Stephen Carl Porter (1864 – January 13, 1946) was an American pioneer recording artist, who recorded prolifically for numerous recording companies in the 1890s and early 1900s.  He was also an entrepreneur who helped establish the recording industry in India in the early years of the twentieth century, and successfully marketed a new form of hearing aid.

Biography
He was born in New York City.  In the 1890s he performed as a baritone singer in vaudeville, as a member of the Diamond Comedy Four with Albert Campbell, Jim Reynard, and Billy Jones, who worked as song pluggers in "Tin Pan Alley" for the music publishers Joe Stern and Edward B. Marks. Porter first recorded with the Diamond Comedy Four and Diamond Quartette for Stern and Marks' Universal Phonograph Company in early 1897. In later 1897 he began recording for Berliner Gramophone with the Diamond Comedy Four and Diamond Four, and solo, and for the Columbia Phonograph Company with the Greater New York Quartette (with Harding, Spencer and Depew) and solo. His solo recordings of "On the Banks of the Wabash", "She Was More to Be Pitied Than Censured" (1898), "A Picture No Artist Can Paint" (1899), "A Bird in a Gilded Cage" (1900), and "The Little Brown Jug" (1900) sold well.

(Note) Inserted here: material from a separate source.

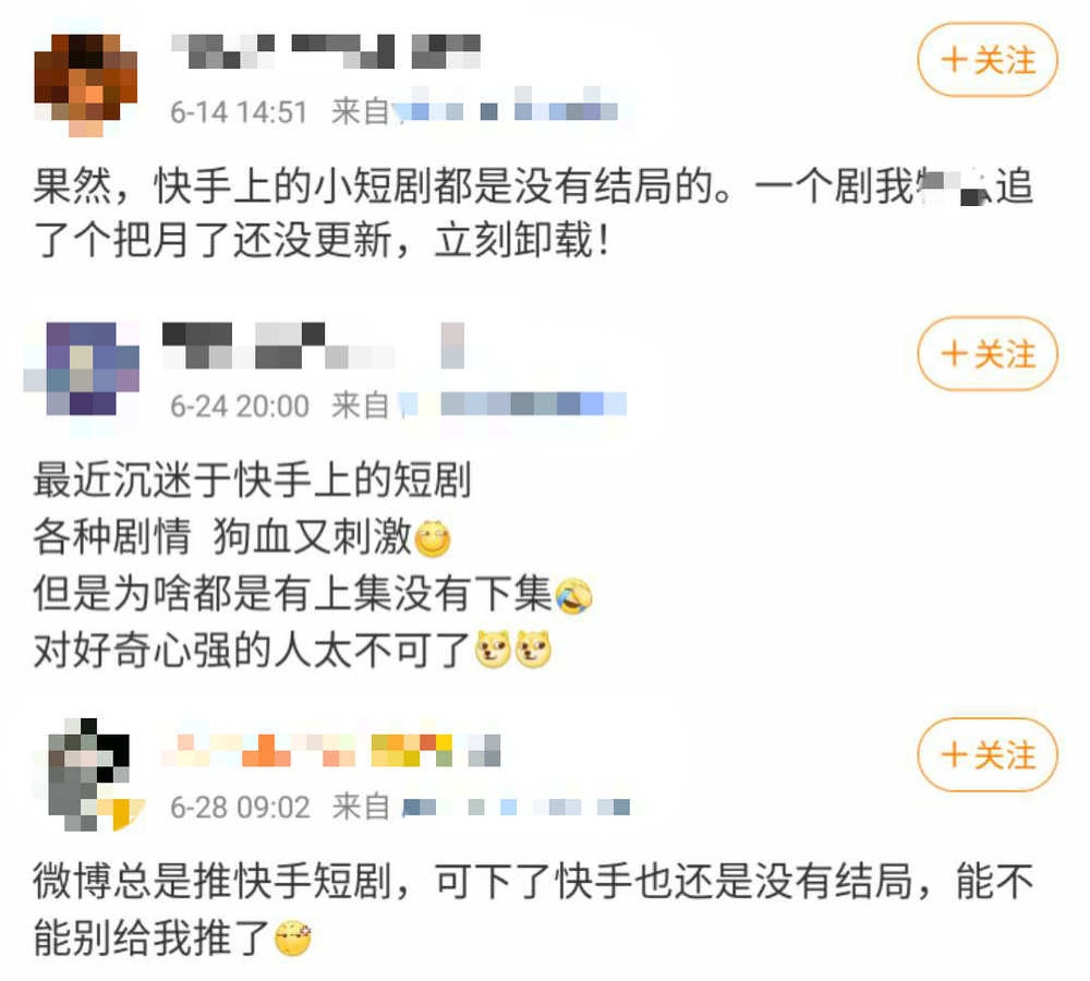 另外,没有结局也是很多短剧的通病,网友们对此也颇有微词。

In 1901, after an attempt to set up a motion picture company with fellow recording artist Russell Hunting failed, Porter established the American Phonograph Record Company of Brooklyn, with William F. Hooley and Samuel H. Rous of The Haydn Quartet as co-directors.  However, this again failed, and in 1902 Porter sailed to London, where he recorded for Waterfield, Clifford & Company before joining the 
Nicole Record Co..  He worked there both as a recording engineer and as a performer, recording comic tunes, ballads and old standards, before sailing to India with John Watson Hawd to set up a recording business for Nicole Frères in Calcutta.  Porter then traveled around India and Burma, finding musicians to be recorded in Nicole's Calcutta studio.  He finally returned to the US in 1905.

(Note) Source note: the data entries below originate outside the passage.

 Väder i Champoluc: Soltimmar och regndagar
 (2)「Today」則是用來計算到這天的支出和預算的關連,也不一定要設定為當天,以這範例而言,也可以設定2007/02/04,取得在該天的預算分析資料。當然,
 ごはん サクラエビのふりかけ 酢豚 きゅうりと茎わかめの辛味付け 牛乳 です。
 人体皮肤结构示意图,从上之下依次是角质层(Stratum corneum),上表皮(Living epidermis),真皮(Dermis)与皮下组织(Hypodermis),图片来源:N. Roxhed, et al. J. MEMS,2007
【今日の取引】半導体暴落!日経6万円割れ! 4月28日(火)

After his return, he recorded as one member of the Columbia Male Quartet, known after 1906 as the Peerless Quartet, who originally also included tenors Henry Burr and Albert Campbell, and bass Tom Daniels.  Porter remained with the quartet until 1909.  However, Porter increasingly performed as a comedic artist, becoming popular for his Irish characterizations and skits.  He recorded many of these for Edison and Columbia after 1906, an example being "Pat O'Brien's Automobile" (1908).

After 1909, Porter recorded mainly as a member of the American Quartet, with Billy Murray, John Bieling, and William F. Hooley. Their most successful recordings included "Oh, You Beautiful Doll" (1911), "Moonlight Bay" (1912), "It's a Long, Long Way to Tipperary" (1914), and "Over There" (1917).  Porter also continued his entrepreneurial activities, filing a patent for a new form of record in 1911, and in 1916 established a business, the Port-O-Phone Corporation, to market a new type of acoustic hearing aid.  Unlike his previous enterprises, this was a relatively profitable undertaking, and the hearing aids were successfully marketed around the world.

Porter left the American Quartet in 1919, although his recording career continued into the 1920s.  The Port-O-Phone Corporation suffered a near-collapse in the Wall Street Crash of 1929, and was wound up a few years later as its models were superseded by new technology.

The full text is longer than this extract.